It was a nasty week for investors long the U.S. stock market. Major equity market indices were down between -1% and -1.4%. Meanwhile, the Nasdaq is down -1.8% from its early April all-time high. The Russell 2000 is off -4.6% from its late February high.
Don't hyperventilate. Corrections happen. That's why, as stocks hit all-time highs, we had been telling subscribers to raise cash.
U.S. Stocks Down... What now?
The question of what to do next has everything to do with what you think about the U.S. economy. Is the epic rally to all-time highs underpinned by a durable U.S. economic recovery? Or is the immediate-term correction the start of a bear market?
We say U.S. growth is accelerating. U.S. Retail Sales reported last week for the month of March were up 5.5% year-over-year. That's almost a 5-year high.

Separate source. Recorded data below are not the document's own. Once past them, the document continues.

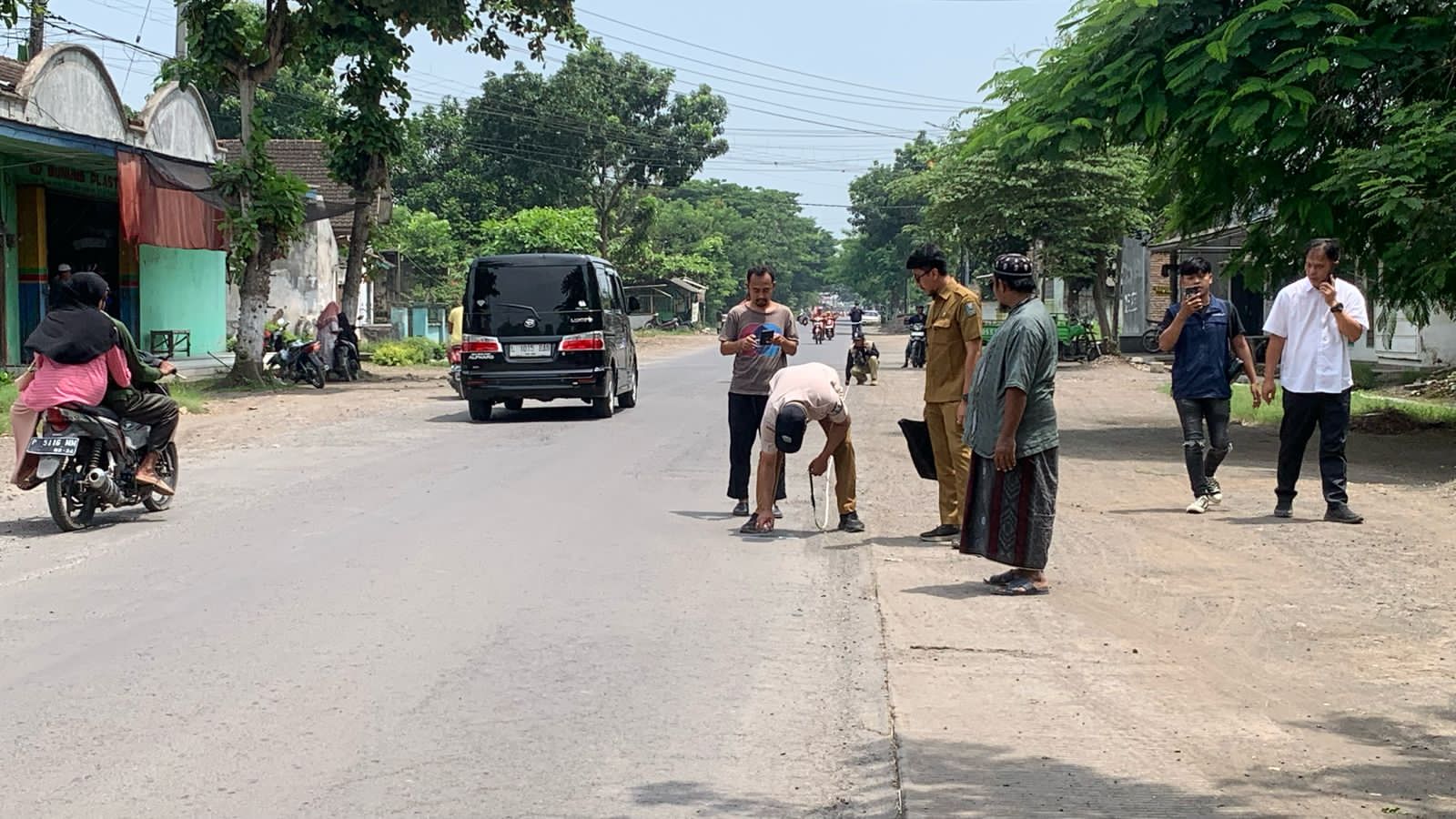 Petugas Bina Marga Jatim saat mengecek kondisi jalan rusak di Puger (D. K. Aji)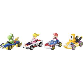 Pacote com 4 veículos Hot Wheels Mario Kart, conjunto de 4 personagens favoritos dos fãs, inclui 1 modelo exclusivo, presente colecionável para crianças e fãs a partir de 3 anos — É uma coleção instantânea com 4 pacotes de réplicas de karts inspirados em personagens da Hot Wheels que dão vida à ação do videogame! - Cada conjunto apresenta 4 veículos fundidos sob pressão em escala 1:64 que funcionam na pista Hot Wheels! - Os karts apresentam personagens favoritos dos fãs com um modelo exclusivo em cada pacote! - É um ótimo presente para fãs, colecionadores e crianças de 3 anos ou mais! - Combine com outros veículos e playsets de Mario Kart da Hot Wheels para subir de nível!
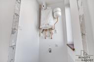 Koupelna byla zrealizována v nadstandardním provedení: rektifikovaná dlažba Ecoceramic 60×120, sprchová vana Ronal z litého mramoru, sprchová zástěna s Antiplaque úpravou a podomítkový systém Geberit u WC.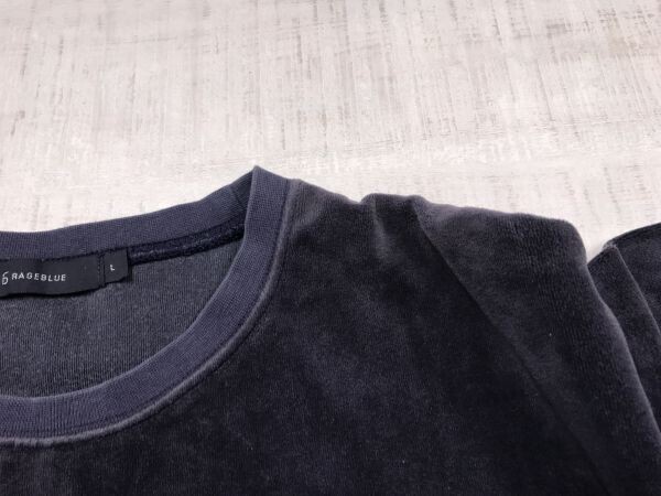 レイジブルー RAGEBLUE ストリート モード ノームコア 古着 ベロア ベルベット 良生地 光沢 トレーナー トップス メンズ L 紺 です。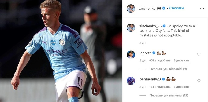 Зінченко попросив вибачення у вболівальників і партнерами в Instagram, Менді і ще кілька футболістів "містян" оцінили цей вчинок.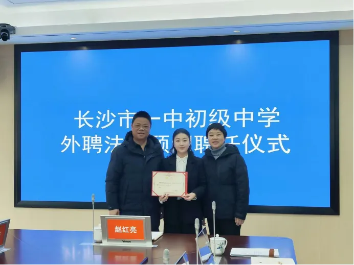 (长沙市一中初级中学校长为孙雅茜律师颁发聘书)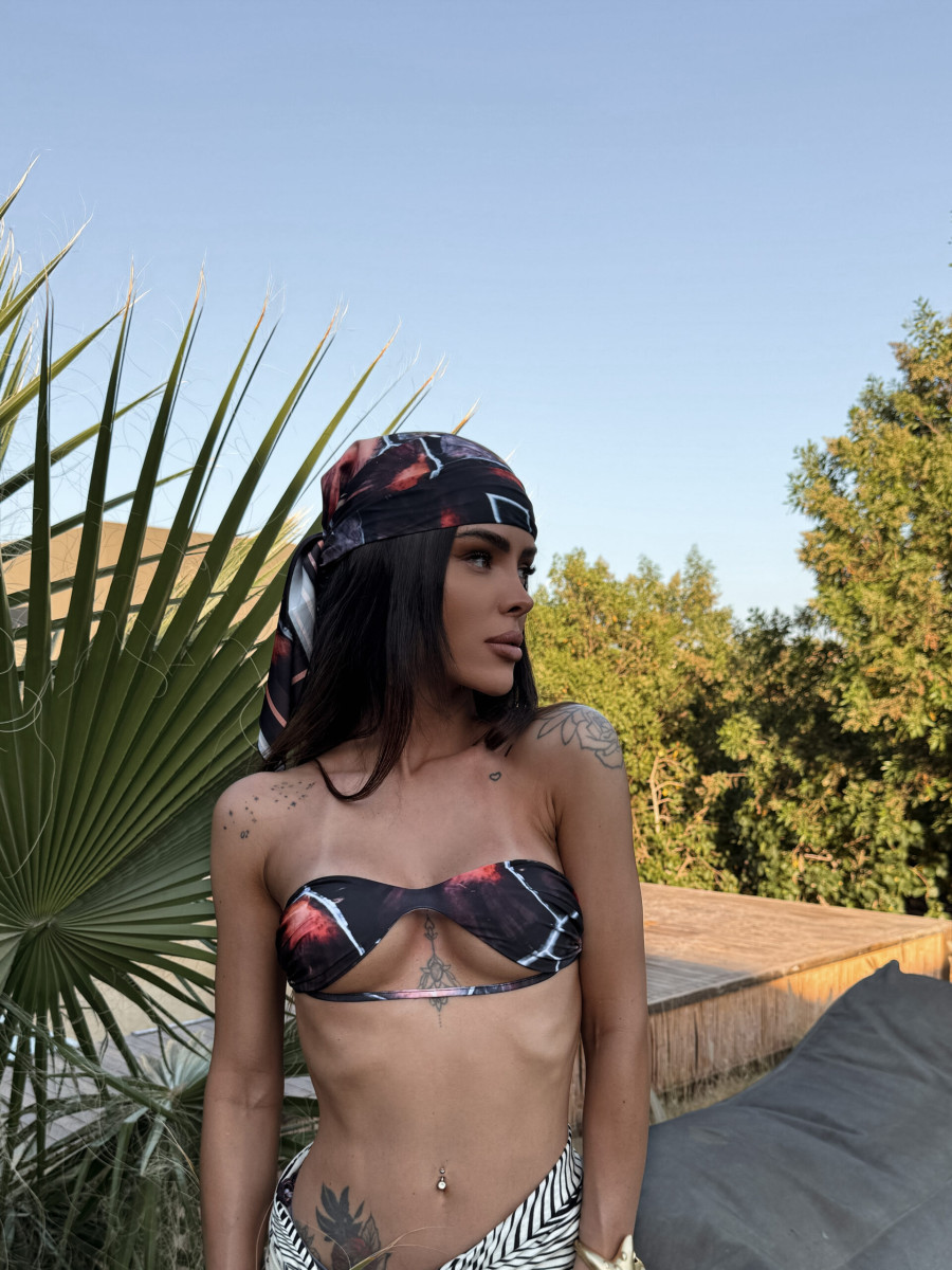 Można ją stylizować jako pareo, opaskę na głowę, top lub przewiązać na torbie – to uniwersalny dodatek, który dopełni każdą letnią stylizację. Autorskie wzory inspirowane naturą i teksturą tkanin tworzą unikalny charakter każdej chusty.
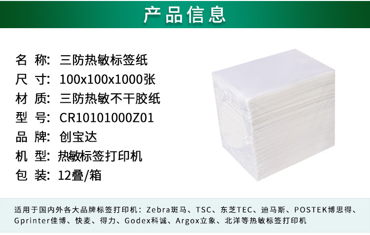 深圳创宝达科技有限公司主要生产:不干胶标签、热敏标签、热敏合成纸标签、铜板纸不干胶标签、PET合成纸标签、哑银龙标签、遇水变红标签、冷库冷链用耐低温冷库标签、防水标签、耐高温标签等,可生产卷装、单张、折叠等以满足国内外客户的不同设备需求。

Meanwhile, the Consumer Price Index (CPI) slowed from 2.74% year-over-year in February to 2.38% in March. Lower inflation isn't a bad thing, Hedgeye CEO Keith McCullough points out in today's Early Look, falling inflation is actually positive for U.S. economic growth. "As inflation deflates, this thing called the GDP Deflator falls, and real GDP accelerates," he writes. (In layman's terms, inflation is subtracted from GDP growth.)
Remember, U.S. economic growth fell from 3.3% year-over-year in the first quarter of 2015 to 1.3% in the second quarter of 2016. After bottoming out, growth is rebounding once again. Fourth quarter 2016 U.S. GDP growth came in at 2.0% year-over-year.
In light of accelerating U.S. economic growth, we say buy the stock market dip.
Despite the modest selloff in stocks...
The market has been pricing in accelerating economic growth for some time now. Take a look at the Chart of the Day below with key callouts from last week's worst performing US Equity Style Factors. Importantly, we last week's market moves in the context of the six-month trend:
- High Beta Stocks (the stocks that move the most when the broader stock market heads higher) were down -2.4% versus +13.3% in the last 6 months
- Top 25% Sales Growth Stocks corrected -1.6% versus +10.6% in the last 6 months
- Top 25% EPS Growth Stocks corrected -1.7% versus +10.9% in the last 6 months
*Mean performance of Top Quintile vs. Bottom Quintile, S&P 500 Companies
Now, here are the returns for the broader U.S. stock market over the last 6 months:
- Nasdaq = +11.3%
- Russell = +11.0%
- S&P 500 = +9.2%
In other words, we think the market has this right. The modest selloff recently is a headfake within a durable bullish trend that's backstopped by an accelerating U.S. economy.